A 62-year-old man recovered for 1 hour in the post-anesthesia care unit following a colectomy. He became acutely hypotensive and hypoxic and did not respond to initial fluid bolus or epinephrine. He has a history of esophageal strictures and dysphagia, precluding the use of transesophageal echocardiography (TEE). A transthoracic echocardiogram (TTE) was performed to evaluate the cause of his hemodynamic instability.
TTE and TEE are 2 common perioperative cardiac imaging modalities. Understanding the similarities, differences, and benefits of TTE and TEE is useful for the perioperative echocardiographer. Familiarity with TTE views provides an excellent knowledge base for recognition of the related TEE views.

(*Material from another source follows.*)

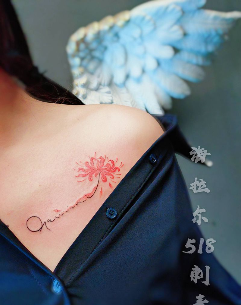 彼岸花纹身图片_肩部胸部水彩纹身图案

For instance, anatomical structures present in the TTE apical 4-chamber view are easily recognized in the TEE midesophageal 4-chamber view.

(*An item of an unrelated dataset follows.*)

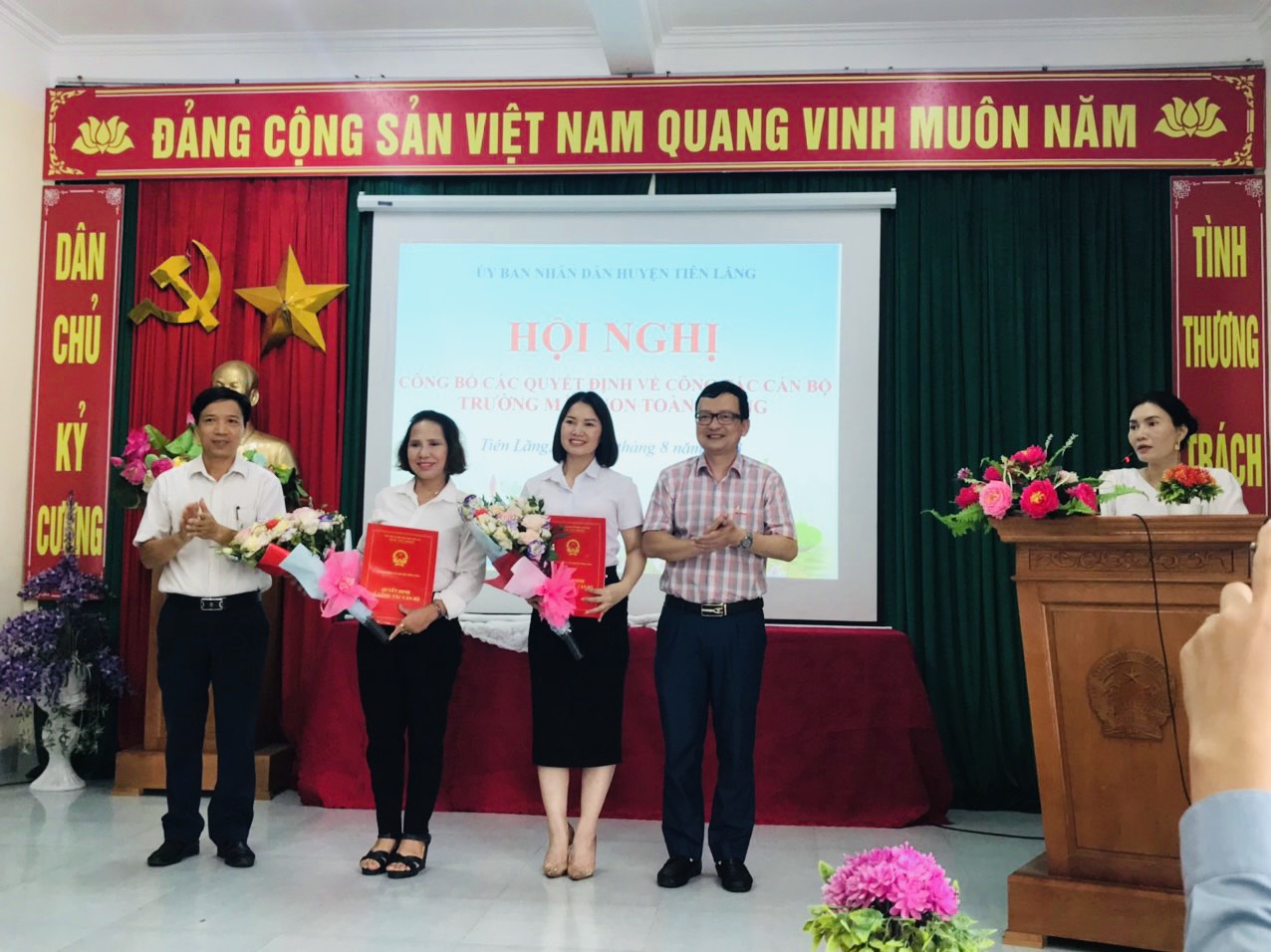 Chiều 5-8, UBND huyện Tiên Lãng tổ chức công bố, trao Quyết định điều động, luân chuyển cán bộ quản lý các trường học tại trường Mầm non Bạch Đằng. Về dự và chủ trì Hội nghị có Đồng chí Bùi Thành Cương, Phó BT Huyện uỷ- Chủ tịch UBND huyện; cùng các đồng chí lãnh đạo Phòng Nội vụ, Phòng Giáo dục và đào tạo, các đồng chí lãnh đạo địa phương. Cùng tập thể CB-GV-NV trường Mầm non Bạch Đằng.

TTE and TEE are complementary in their ability to provide better resolution of specific structures. TTE offers superior resolution of the anterior structures, such as the right ventricle, right ventricular outflow tract, pulmonic valve, and anterior pericardium. TTE apical views provide superior imaging of the pericardium and left ventricular apex. Imaging of the posterior structures, such as the left atrium, mitral valve and subvalvular apparatus, interatrial septum and left atrial appendage, is best achieved with TEE. The following paragraphs will compare 5 of the basic TTE views and their corresponding TEE views, and identify their advantages and disadvantages. A discussion of proximal aortic imaging with TTE and TEE is also included.

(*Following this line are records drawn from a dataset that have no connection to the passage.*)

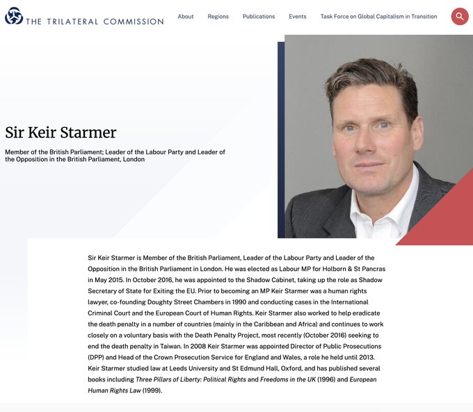 Alternative explanations point to Starmer’s later membership of the Trilateral Commission, founded in the 1970s by US billionaire David Rockefeller to address what it called “an excess of democracy.”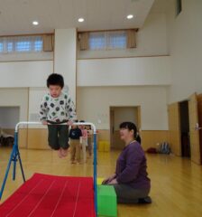 鉄棒は一人で前回りが出来るようになったたんぽぽ組さんです。
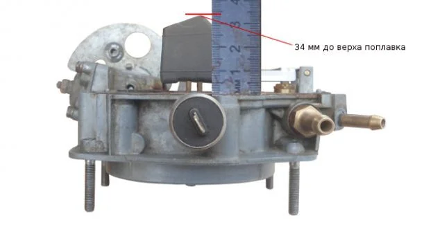 Вот правильный вариант проверки уровня в карбюраторе «Солекс» (и запомните цифры: 25-26мм)

The TEE probe is a flexible ultrasound gastroscope that is advanced along the esophagus and into the stomach to image the heart and great vessels. Because of the close proximity to the heart, TEE requires less depth penetration and uses higher frequency transducers (5–7 MHz) enabling superior spatial resolution of the posterior cardiac structures when compared with TTE. TEE remains the imaging modality of choice for intraoperative cardiovascular assessment, especially during cardiac surgery.1,2
TTE uses lower frequency (3-5 MHz) ultrasound to allow greater depth penetration at the expense of spatial resolution. The TTE transducer is placed directly on the patient’s chest in 4 windows: parasternal, apical, subcostal, and suprasternal. In contrast to TEE, TTE images anatomic structures from anterior to posterior.
Chamber quantification is more readily accomplished by TTE, where the distance between the probe allows for complete capture of the ventricular and atrial borders.6 TTE can be performed rapidly, noninvasively, and provide accurate hemodynamic assessments during cardiovascular emergencies such as cardiac tamponade and circulatory shock.4,5 TTE generally provides more reliable hemodynamic data as it affords more flexibility of transducer position. However, TTE may be limited by factors such as supine patient positioning, inability to access the chest without contaminating the surgical field, and presence of mediastinal tubes. Mediastinal air, tubes, and surgical dressings can impede ultrasound transmission and limit the utility of TTE imaging.
COMPARABLE TTE AND TEE VIEWS
In Table 1, 5 basic TTE views along with corresponding TEE views are listed with the structures that are imaged.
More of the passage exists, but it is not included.